If you are connecting to multiple databases, you need to ensure that each database connection pool is sized correctly, not just the default pool. That AR establish_connection code looks pretty suspect.

I wonder if you can monkeypatch AR to change the pool size default of 5 to 30?

@mperham
Copy link
Collaborator

mperham commented Mar 7, 2014

Can you provide the source for the worker in question?

@anazar
Copy link
Author

anazar commented Mar 7, 2014

@mperham - here is the basic worker that just uploads a file to s3. I can try to monkeypatch AR but it does seem like it's setting the pool size correctly.

The strange this is that despite setting all the configs to increase timeout, pool, ect before establishing any connections I'm still randomly getting this. There doesn't appear to be any reason why.

ActiveRecord::ConnectionTimeoutError: could not obtain a database connection within 5.000 seconds (waited 5.000 seconds)

Here's an example of my worker.

require 'open-uri'

class S3Worker

  def self.upload_to_s3 upload_id

    upload = Upload.where(id: upload_id).first

    return if !upload

    begin
      file_content = open(upload.file_url).read
      return false if !file_content
    rescue
      return false
    end

    s3_key = upload.s3_path

    success = upload.store_in_s3(file_content, s3_key)

    if success
      upload.s3 = s3_key
      upload.save
      puts "Uploaded: #{upload.id}"
    end

    return success
  end

end

@mperham
Copy link
Collaborator

mperham commented Mar 7, 2014

There's no perform method. It's pretty important we see the exact code, not pseudo-code.

Have you tried without hirefire just to make sure it's not introducing some weirdness?

@mperham
Copy link
Collaborator

mperham commented Mar 7, 2014

Oh, perhaps you're using .delay?

@anazar
Copy link
Author

anazar commented Mar 7, 2014

I'm just calling it using delay:

S3Worker.delay_for(10.minutes, queue: :seldom).upload_to_s3 upload.id

I have tried using scaling methods other than hirefire and got the same issues.

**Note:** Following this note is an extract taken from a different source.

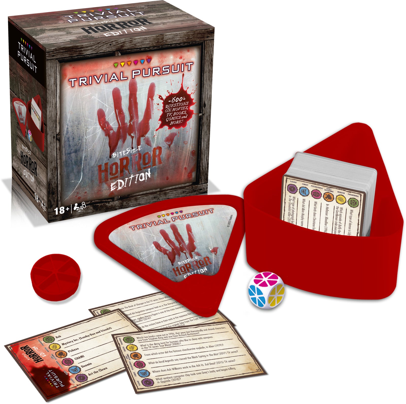 Brand new edition of Trivial Pursuit featuring your favourite Horror moments! This quick-play quiz has 600 questions that will entertain and educate even the smartest fanatics Fascinating, puzzling and captivating questions that will test your horror knowledge and memory Bitesize game comes with coloured dice, 100 cards and easy-to-carry wedge case A challenging game thats fun for all the family! With 600 questions from the world of movies, TV, books and comics, this Trivial Pursuit game is a great gift for any friends who seek the spooky, marvel at the macabre and delight in the disturbing.

I suppose it could be a result of adding and removing workers but I haven't been able to test that.

@mperham
Copy link
Collaborator

mperham commented Mar 7, 2014

My gut feeling is that this is a HTTP timeout issue but have no data to back that up. I don't know what store_in_s3 is doing but make sure it has proper read and write timeouts set.

@anazar
Copy link
Author

anazar commented Mar 7, 2014

This is the active record connection pool method that is throwing the error... and when I lose jobs from the busy queue or the busy queue gets stuck I have a lot of those database connection errors.
https://github.com/rails/rails/blob/4-1-stable/activerecord/lib/active_record/connection_adapters/abstract/connection_pool.rb#L176

I don't believe it's an HTTP timeout issue because I'm seeing nothing related to that in my logs.

I'm guessing that there's something going on that's not threadsafe in activerecord or in the way I'm connecting via activerecord.

@mperham
Copy link
Collaborator

mperham commented Mar 7, 2014

I don't know if a lot of people are using 4.1 yet so it's possible it's a Rails pool issue.

Can you give a full stack trace? Determining who's holding onto the connections and why they haven't been returned to the pool will require a lot of debugging on your part, I can't help with that. One thing you can do is further increase the pool size and see what effect that has, does it increase the time between error storms?

@mperham
Copy link
Collaborator

mperham commented Mar 13, 2014

Did this get resolved? I saw you opened another, different issue now.

@subelsky
Copy link
Contributor

@mperham I'm having the same problem. Right now we're chasing down a bug with Heroku's Ruby 2.0 installation where Net::HTTP can cause a segfault when connecting to certain SSL hosts.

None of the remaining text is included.